BuildBench: Benchmarking LLM Agents on Compiling Real-World Open-Source Software
Zehua Zhang, Ati Priya Bajaj, Divij Handa, Siyu Liu, Arvind S Raj, Hongkai Chen, Hulin Wang, Yibo Liu, Zion Leonahenahe Basque, Souradip Nath, Vishal Juneja, Nikhil Chapre, Yan Shoshitaishvili, Adam Doupé, Chitta Baral, Ruoyu Wang
TL;DR
The paper tackles the challenge of automatically compiling diverse, real-world OSS by introducing Build-Bench, a statistically representative benchmark with manually labeled ground-truth build instructions and binaries. It proposes OSS-Build-Agent, a strong, model-agnostic agent that combines LLM-assisted retrieval with a two-agent compilation loop to extend build knowledge and iteratively fix compilation errors.
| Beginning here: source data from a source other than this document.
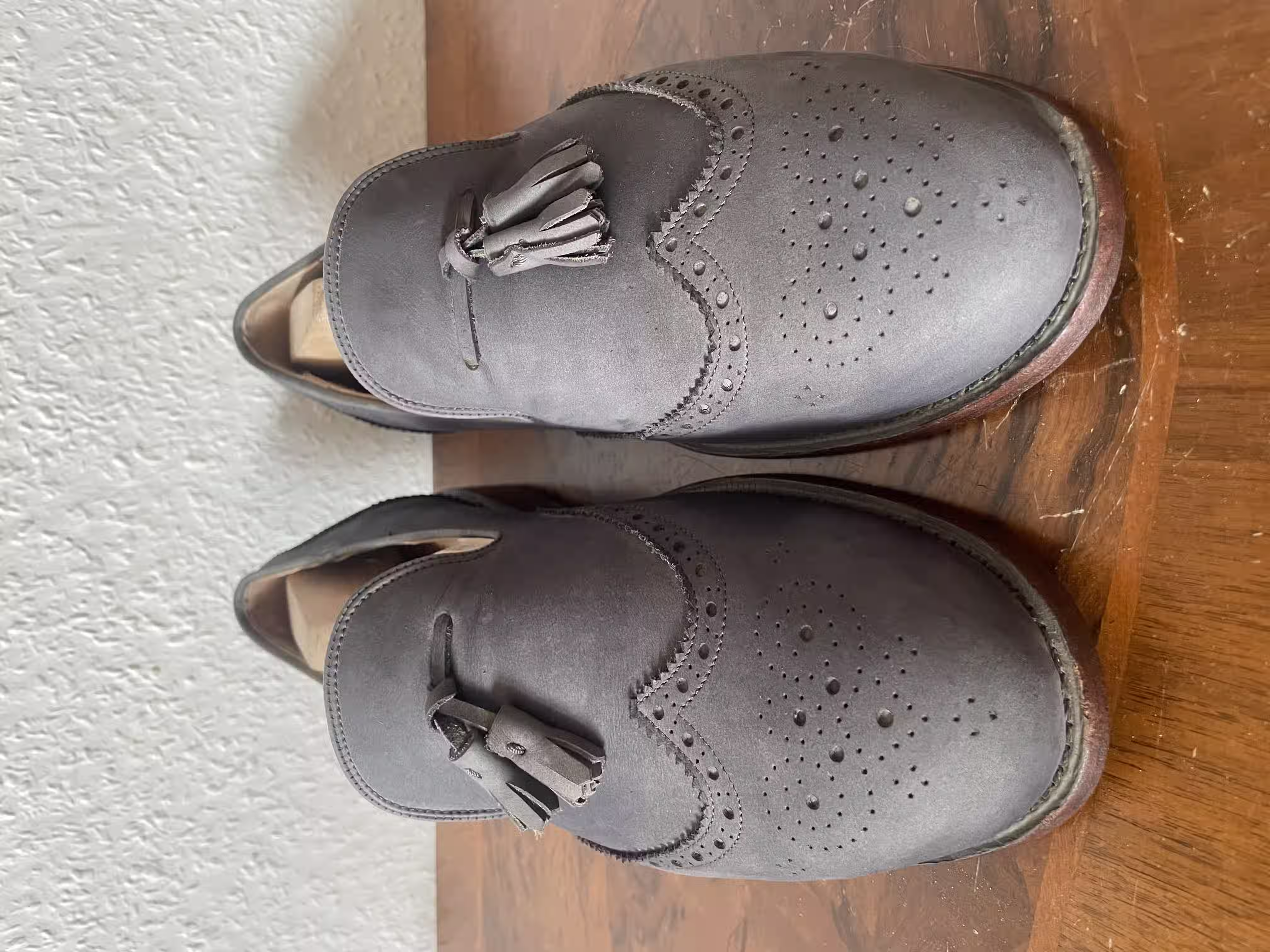 If the Blake stitch is visible on the outsole and thus freely accessible, water can theoretically penetrate the interior of the shoe more easily through the seam openings. However, one would tend to use such shoes in the Blake construction as summer shoes anyway, and it would have to rain reasonably hard for your feet to get wet. You wouldn’t want to walk through puddles in such shoes anyway, and all leather shoes get wet inside if there is too much rain - simply because leather absorbs water. You can mitigate this process, for example, with waterproofing sprays or wax, but you cannot fundamentally change the facts. And especially if your sole is thin, the shoes and feet will get wet anyway - regardless of whether there are holes in the sole or not.
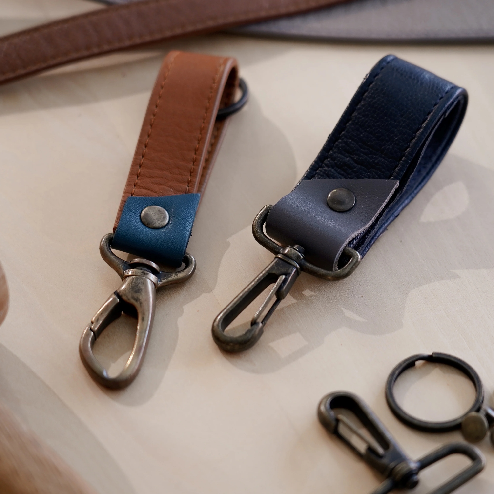 永續也可以很時尚!以回收包包的背帶為素材,挑選自己喜歡的配色,製作出獨一無二的皮革鑰匙圈。
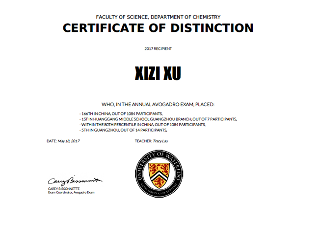 许希子:2017年滑铁卢化学竞赛,广州第5名;
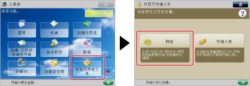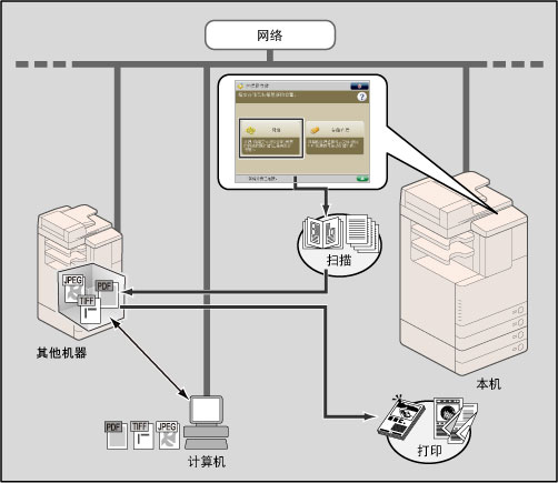 可以将从本机扫描的原稿保存到网络上对外部开放的其他imageRUNNER ADVANCE系列机器的“高级存储箱”。也可以恢复保存到网络上“高级存储箱”的文件,并从本机打印。
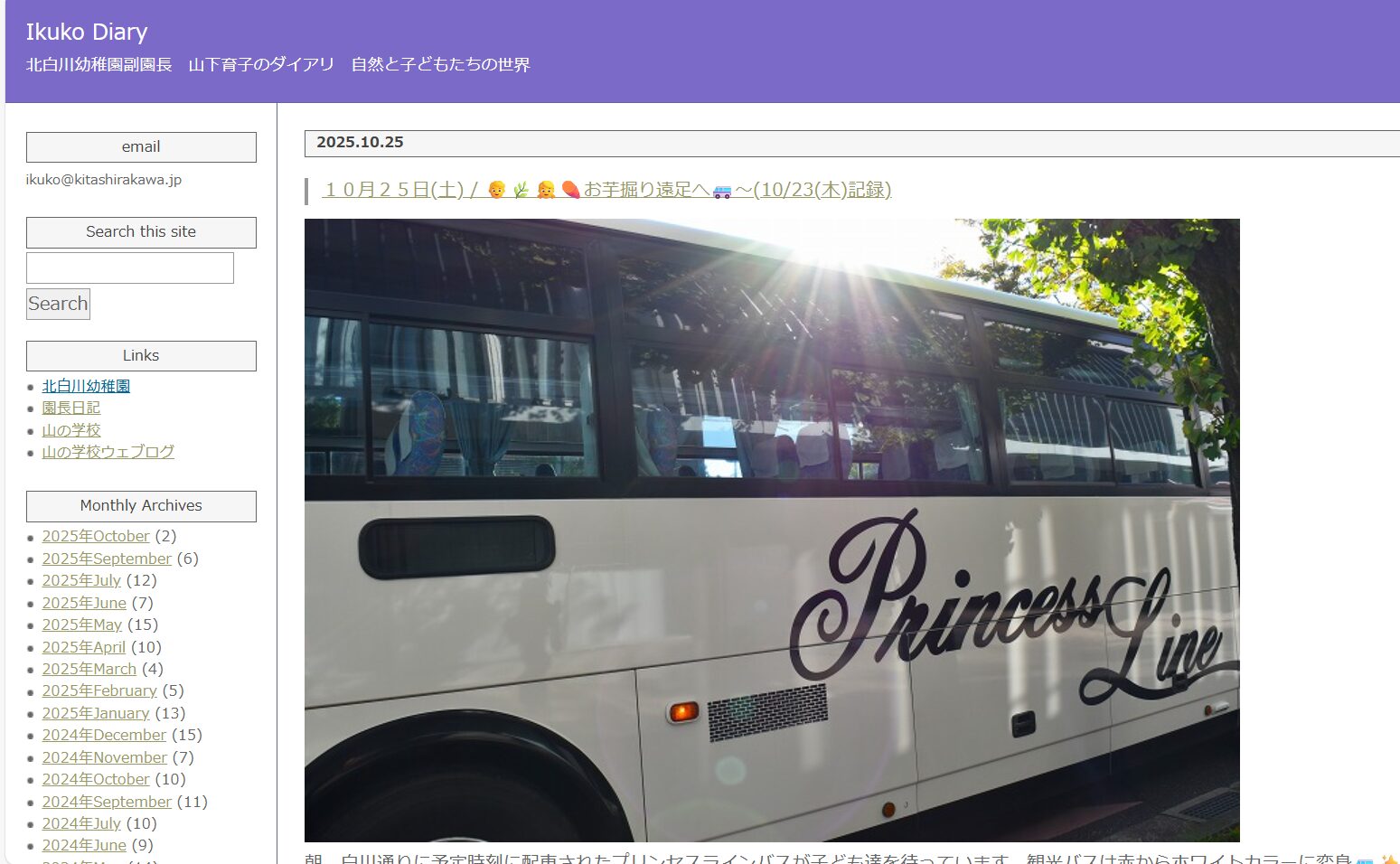 2025-10-25 Ikuko Diary更新(遠足) 2025 10/25 お知らせ 2025年10月25日 遠足の詳細なレポートがIkuko Diaryにアップされました。 >>10月25日(土) / お芋掘り遠足へ~(10/23(木)記録) たくさんの写真と詳しい説明が臨場感たっぷりに当日の楽しい遠足の様子を伝えています。 ぜひご覧ください。 お知らせ よかったらシェアしてね! URLをコピーしました! URLをコピーしました! 2025-10-24 えにっき更新 2025-10-26 秋の俳句 関連記事 2025-12-09 Ikuko Diary更新 2025年12月9日 2025-12-07 Ikuko Diary更新 2025年12月7日 2025-12-03 Ikuko Diary更新 2025年12月3日 2025-11-29 Ikuko Diary 更新 2025年11月29日 2025-11-28 卒園児の活躍! 2025年11月28日 2025-11-24 明日の天気は雨模様 2025年11月24日 2025-11-22 山の学校冬学期会員募集中 2025年11月22日 2025-11-21 来週の教育講演会 2025年11月21日 コメント コメントする コメントをキャンセルコメント ※ 名前 ※ メール ※ サイト Δ
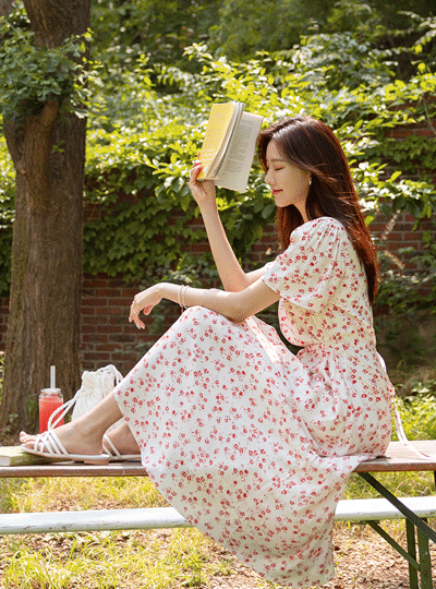 花柄 パタン ピクニック Aライン ロング ワンピース
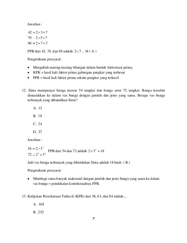 Fpb dari 36 dan 42 adalah.
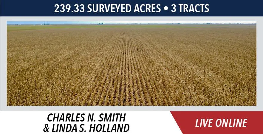 The Smith/Holland farm will be sold on a price per acre basis, based on surveyed acres. The tracts will be offered through the marketing method of Buyers Choice, whereas the high bidder can elect any or all 3 tract(s) for their high bid. If the high bidder does not elect all offered tracts, then the remaining tract(s) will continue to be offered Buyers Choice until all tracts have been elected. The tracts will NOT be offered in their entirety at the conclusion of the auction.
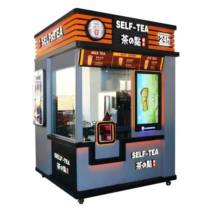 The vending machine can dispense a wide variety of beverages, including coffee, milk tea, and cold drinks.
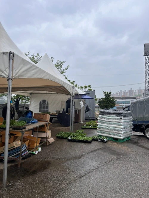 농협 건물 오른쪽에 보면 천막이 쳐져 있는데 거기에서 모종을 팔고 있다.
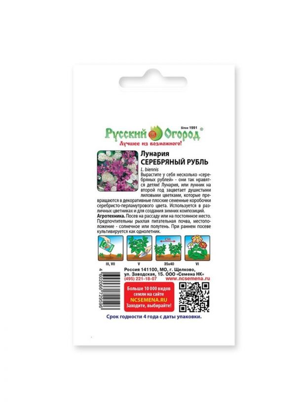 Семена Цветы, Лунария, Серебряный рубль, 0.2 г, цветная упаковка, Русский огород
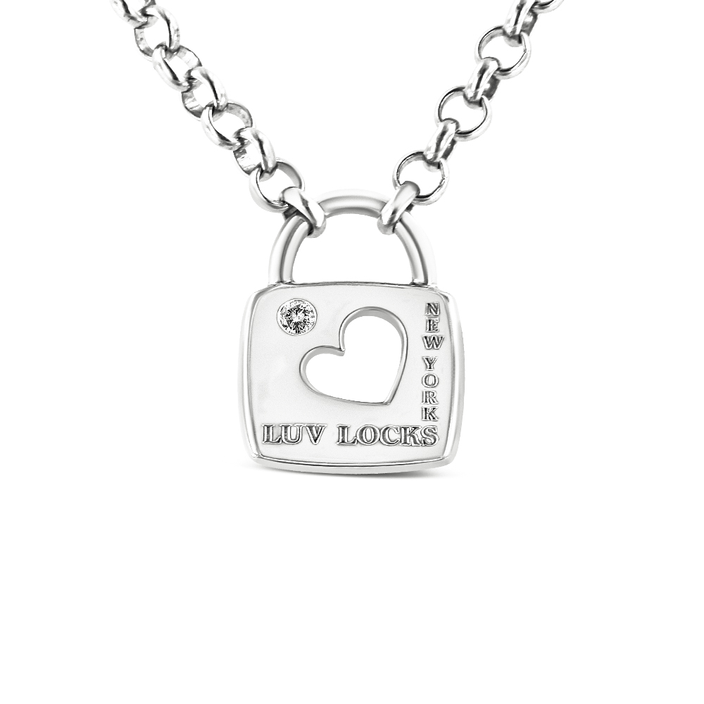This alluring pendant necklace takes on a contemporary twist with a captivating lock silhouette made from .925 sterling silver. Marked “Luv Locks” in a bold engraved script, this lock pendant features a heart cutout at the center with a diamond accent in a bezel setting, which provides a secure resting place for the stone to sparkle. This diamond is of an approximate I2-I3 clarity and H-I color. The edgy cable chain is a modern look in an 18″ length with spring ring clasp for secure wearing.

Empirical results show that agent-based approaches substantially outperform rule-based baselines, with performance improving further when leveraging stronger LLMs and retrieval strategies, though instability and error resolution remain important challenges. The work offers detailed design analyses and emphasizes the benchmark's value for driving advances in automated software engineering and security workflows.
Abstract
Automatically compiling open-source software (OSS) projects is a vital, labor-intensive, and complex task, which makes it a good challenge for LLM Agents. Existing methods rely on manually curated rules and workflows, which cannot adapt to OSS that requires customized configuration or environment setup. Recent attempts using Large Language Models (LLMs) used selective evaluation on a subset of highly rated OSS, a practice that underestimates the realistic challenges of OSS compilation. In practice, compilation instructions are often absent, dependencies are undocumented, and successful builds may even require patching source files or modifying build scripts. We propose a more challenging and realistic benchmark, BUILD-BENCH, comprising OSS that are more diverse in quality, scale, and characteristics. Furthermore, we propose a strong baseline LLM-based agent, OSS-BUILD-AGENT, an effective system with enhanced build instruction retrieval module that achieves state-of-the-art performance on BUILD-BENCH and is adaptable to heterogeneous OSS characteristics. We also provide detailed analysis regarding different compilation method design choices and their influence to the whole task, offering insights to guide future advances. We believe performance on BUILD-BENCH can faithfully reflect an agent's ability to tackle compilation as a complex software engineering tasks, and, as such, our benchmark will spur innovation with a significant impact on downstream applications in the fields of software development and software security.